— Assignment —
When you reach the records, transcribe all of them exactly.

Data extracted from a collection
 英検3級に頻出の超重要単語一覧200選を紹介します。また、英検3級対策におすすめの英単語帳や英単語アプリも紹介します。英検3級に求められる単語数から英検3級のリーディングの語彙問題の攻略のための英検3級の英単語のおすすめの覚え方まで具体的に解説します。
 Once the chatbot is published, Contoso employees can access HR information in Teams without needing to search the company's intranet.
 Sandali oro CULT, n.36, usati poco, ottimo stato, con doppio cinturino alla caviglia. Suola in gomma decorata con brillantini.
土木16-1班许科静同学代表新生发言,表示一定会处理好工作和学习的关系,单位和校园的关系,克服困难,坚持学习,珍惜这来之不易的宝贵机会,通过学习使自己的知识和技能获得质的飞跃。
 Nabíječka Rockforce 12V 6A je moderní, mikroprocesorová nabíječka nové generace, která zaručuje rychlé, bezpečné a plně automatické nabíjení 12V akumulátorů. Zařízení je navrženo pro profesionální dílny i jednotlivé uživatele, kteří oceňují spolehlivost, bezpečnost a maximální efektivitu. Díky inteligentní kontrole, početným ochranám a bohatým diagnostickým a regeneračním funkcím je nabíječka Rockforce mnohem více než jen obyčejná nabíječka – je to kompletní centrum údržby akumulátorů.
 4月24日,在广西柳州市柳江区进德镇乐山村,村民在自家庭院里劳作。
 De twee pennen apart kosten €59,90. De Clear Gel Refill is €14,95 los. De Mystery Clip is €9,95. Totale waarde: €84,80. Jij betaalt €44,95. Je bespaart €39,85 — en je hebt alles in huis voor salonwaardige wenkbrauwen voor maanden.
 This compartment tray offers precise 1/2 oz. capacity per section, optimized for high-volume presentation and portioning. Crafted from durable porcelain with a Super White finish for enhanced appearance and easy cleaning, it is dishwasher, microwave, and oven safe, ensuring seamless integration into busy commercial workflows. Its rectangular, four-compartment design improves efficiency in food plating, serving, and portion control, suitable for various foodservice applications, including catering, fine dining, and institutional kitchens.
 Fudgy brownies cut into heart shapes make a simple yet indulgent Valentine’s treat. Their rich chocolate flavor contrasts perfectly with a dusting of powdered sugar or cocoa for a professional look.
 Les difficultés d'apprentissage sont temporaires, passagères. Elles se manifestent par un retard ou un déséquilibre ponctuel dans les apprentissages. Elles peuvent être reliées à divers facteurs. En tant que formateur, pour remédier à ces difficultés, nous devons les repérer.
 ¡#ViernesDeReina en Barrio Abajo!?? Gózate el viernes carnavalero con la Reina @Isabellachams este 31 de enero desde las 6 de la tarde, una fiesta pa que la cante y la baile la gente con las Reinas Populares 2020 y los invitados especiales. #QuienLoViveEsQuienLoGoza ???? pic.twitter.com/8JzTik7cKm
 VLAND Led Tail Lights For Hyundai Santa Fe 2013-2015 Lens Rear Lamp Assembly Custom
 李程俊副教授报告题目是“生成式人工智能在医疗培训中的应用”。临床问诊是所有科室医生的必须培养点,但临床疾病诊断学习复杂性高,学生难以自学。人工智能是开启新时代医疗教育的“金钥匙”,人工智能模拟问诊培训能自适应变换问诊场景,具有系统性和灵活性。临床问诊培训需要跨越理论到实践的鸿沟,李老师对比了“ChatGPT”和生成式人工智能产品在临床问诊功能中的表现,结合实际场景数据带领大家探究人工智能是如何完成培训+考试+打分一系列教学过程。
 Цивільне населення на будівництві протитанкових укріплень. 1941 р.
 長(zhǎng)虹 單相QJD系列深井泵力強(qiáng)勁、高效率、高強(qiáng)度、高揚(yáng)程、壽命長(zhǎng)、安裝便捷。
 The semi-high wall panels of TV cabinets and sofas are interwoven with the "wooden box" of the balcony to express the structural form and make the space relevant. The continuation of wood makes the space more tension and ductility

— Response area —
 英検3級に頻出の超重要単語一覧200選を紹介します。また、英検3級対策におすすめの英単語帳や英単語アプリも紹介します。英検3級に求められる単語数から英検3級のリーディングの語彙問題の攻略のための英検3級の英単語のおすすめの覚え方まで具体的に解説します。
 Once the chatbot is published, Contoso employees can access HR information in Teams without needing to search the company's intranet.
 Sandali oro CULT, n.36, usati poco, ottimo stato, con doppio cinturino alla caviglia. Suola in gomma decorata con brillantini.
土木16-1班许科静同学代表新生发言,表示一定会处理好工作和学习的关系,单位和校园的关系,克服困难,坚持学习,珍惜这来之不易的宝贵机会,通过学习使自己的知识和技能获得质的飞跃。
 Nabíječka Rockforce 12V 6A je moderní, mikroprocesorová nabíječka nové generace, která zaručuje rychlé, bezpečné a plně automatické nabíjení 12V akumulátorů. Zařízení je navrženo pro profesionální dílny i jednotlivé uživatele, kteří oceňují spolehlivost, bezpečnost a maximální efektivitu. Díky inteligentní kontrole, početným ochranám a bohatým diagnostickým a regeneračním funkcím je nabíječka Rockforce mnohem více než jen obyčejná nabíječka – je to kompletní centrum údržby akumulátorů.
 4月24日,在广西柳州市柳江区进德镇乐山村,村民在自家庭院里劳作。
 De twee pennen apart kosten €59,90. De Clear Gel Refill is €14,95 los. De Mystery Clip is €9,95. Totale waarde: €84,80. Jij betaalt €44,95. Je bespaart €39,85 — en je hebt alles in huis voor salonwaardige wenkbrauwen voor maanden.
 This compartment tray offers precise 1/2 oz. capacity per section, optimized for high-volume presentation and portioning. Crafted from durable porcelain with a Super White finish for enhanced appearance and easy cleaning, it is dishwasher, microwave, and oven safe, ensuring seamless integration into busy commercial workflows. Its rectangular, four-compartment design improves efficiency in food plating, serving, and portion control, suitable for various foodservice applications, including catering, fine dining, and institutional kitchens.
 Fudgy brownies cut into heart shapes make a simple yet indulgent Valentine’s treat. Their rich chocolate flavor contrasts perfectly with a dusting of powdered sugar or cocoa for a professional look.
 Les difficultés d'apprentissage sont temporaires, passagères. Elles se manifestent par un retard ou un déséquilibre ponctuel dans les apprentissages. Elles peuvent être reliées à divers facteurs. En tant que formateur, pour remédier à ces difficultés, nous devons les repérer.
 ¡#ViernesDeReina en Barrio Abajo!?? Gózate el viernes carnavalero con la Reina @Isabellachams este 31 de enero desde las 6 de la tarde, una fiesta pa que la cante y la baile la gente con las Reinas Populares 2020 y los invitados especiales. #QuienLoViveEsQuienLoGoza ???? pic.twitter.com/8JzTik7cKm
 VLAND Led Tail Lights For Hyundai Santa Fe 2013-2015 Lens Rear Lamp Assembly Custom
 李程俊副教授报告题目是“生成式人工智能在医疗培训中的应用”。临床问诊是所有科室医生的必须培养点,但临床疾病诊断学习复杂性高,学生难以自学。人工智能是开启新时代医疗教育的“金钥匙”,人工智能模拟问诊培训能自适应变换问诊场景,具有系统性和灵活性。临床问诊培训需要跨越理论到实践的鸿沟,李老师对比了“ChatGPT”和生成式人工智能产品在临床问诊功能中的表现,结合实际场景数据带领大家探究人工智能是如何完成培训+考试+打分一系列教学过程。
 Цивільне населення на будівництві протитанкових укріплень. 1941 р.
 長(zhǎng)虹 單相QJD系列深井泵力強(qiáng)勁、高效率、高強(qiáng)度、高揚(yáng)程、壽命長(zhǎng)、安裝便捷。
 The semi-high wall panels of TV cabinets and sofas are interwoven with the "wooden box" of the balcony to express the structural form and make the space relevant. The continuation of wood makes the space more tension and ductility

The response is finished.